Note that an extinction occurring at the end of the last ice age does not preclude humans from being the agent, since this event allowed humans to spread into vast new areas (like the Americas and Siberia) and come into contact with those animals, which presumably had no defenses against humans. StuRat (talk) 23:05, 4 November 2011 (UTC)[reply]

No. You seem to be confusing encephalization quotient with animal behavior. The former is hardwired and happens because of evolution. The latter is an adaptation, a precursor to evolution but is typically simply a short-term response to new threats using preexisting traits - in this case, the animals already possessed the required EQ to learn to avoid humans (as mentioned they possessed this long before human hunters). In addition to elephants and cape buffalos, bison, musk oxen, gaurs etc. have the same responses to threat even when the attacker is not human. They developed this responses against predators in general, not humans specifically. Lions (and in earlier ages - sabre-toothed cats, dire wolves, leopards, hyenas, and similar large predators) already played a large part in the development of defensive behaviors and morphology of herd animals today, including the fact that they are forced to stay in groups for protection itself (which then lead to increased intelligence and in some cases altruism). And yes, it's coevolution, specifically an evolutionary arms race. To put it simply, before human hunters, they were not stupid peaceful grazers that simply toppled over as soon as something tried to kill them; who, at the sight of humans, suddenly decided to grow a larger braincase to counteract human ingenuity. Evolution does not happen like that. Compare dodos, moas, steller's sea cows, etc. which did not have natural predators. When they first encountered humans, did they suddenly become intelligent? No. They were wiped out.

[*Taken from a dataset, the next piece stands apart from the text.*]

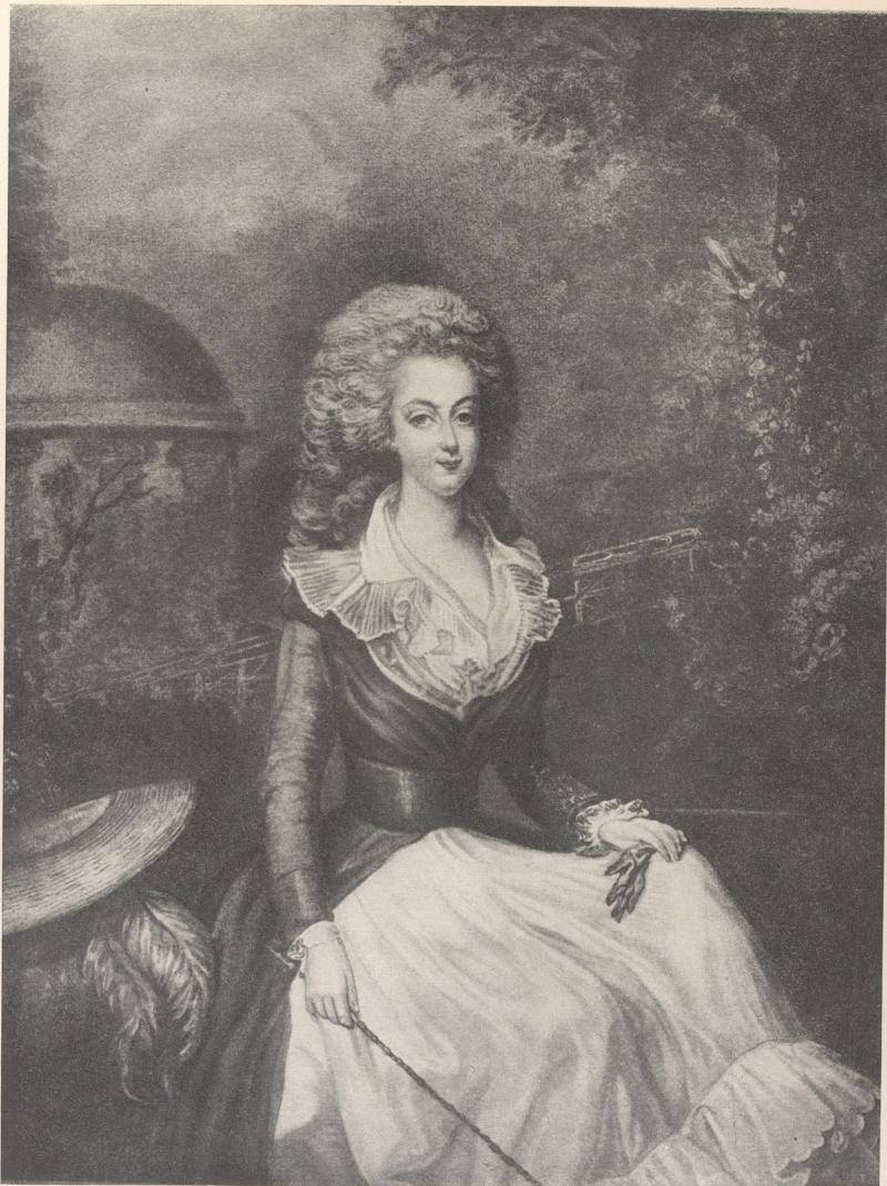
Peinture attribuée à Vestier

And as I said, humans did hunt a lot of species to extinction and may have caused the extinction of a lot of megafauna, but in most cases, they were species already suffering decline from the end of the last glacial age. And But we are not responsible for why elephants have high EQ's or why cape buffalos have a highly developed all-for-one defense system.-- Obsidi♠n Soul 23:46, 4 November 2011 (UTC)[reply]

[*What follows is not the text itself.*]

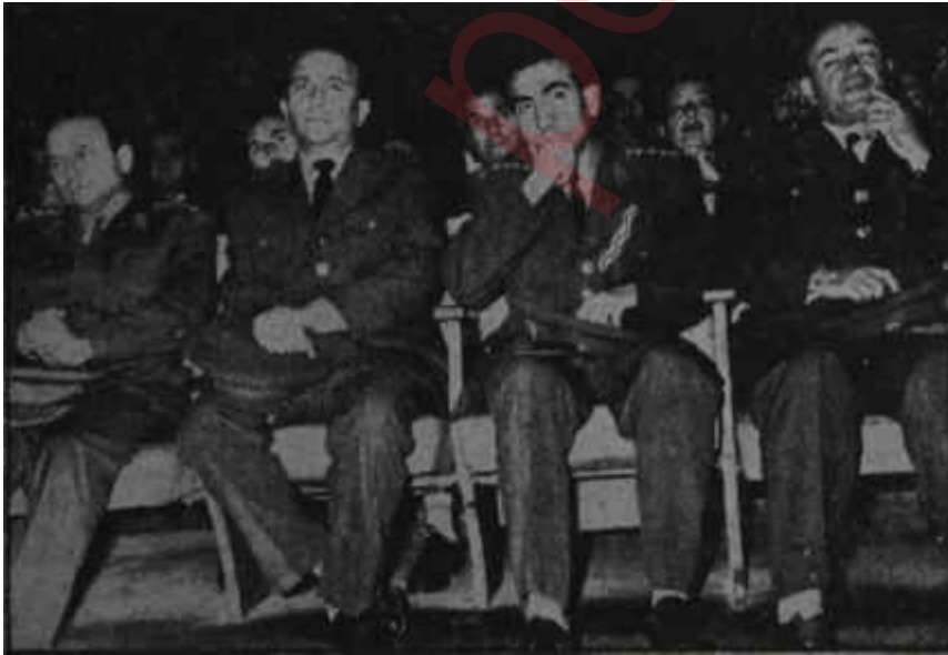
Millî Birlik Komitesi üyeleri üniversitenin açılışında

"... 1959 yılının Eylül ayında Dijon'da toplanan... Rektörler Konferansında tebarüz ettirildiği gibi bir öğretim üyesi veya yardımcısına 10

Your indentation and placement confuses me, as this does not appear to be a response to my last post. StuRat (talk) 02:23, 5 November 2011 (UTC)[reply]

It is. All of my replies are in the context of the original question of the OP. Correct me if I'm wrong, but you seem to be saying that elephant and cape buffalo intelligence were caused by human hunters?-- Obsidi♠n Soul 04:42, 5 November 2011 (UTC)[reply]

You placed your reply directly after, and indented from, my post saying "extinction occurring at the end of the last ice age does not preclude humans from being the agent". If you were responding to an earlier post of mine you should place your reply there. StuRat (talk) 16:41, 5 November 2011 (UTC)[reply]

Moot point. You are saying that human hunting pressures caused the extinction of the last glacial age megafauna and thus by extension the development of intelligence among proboscideans. Both are what I replied against. Regardless of what you may have wrote, it is what you implied. I do not seem to have guessed wrong judging by your reply below.-- Obsidi♠n Soul 21:11, 6 November 2011 (UTC)[reply]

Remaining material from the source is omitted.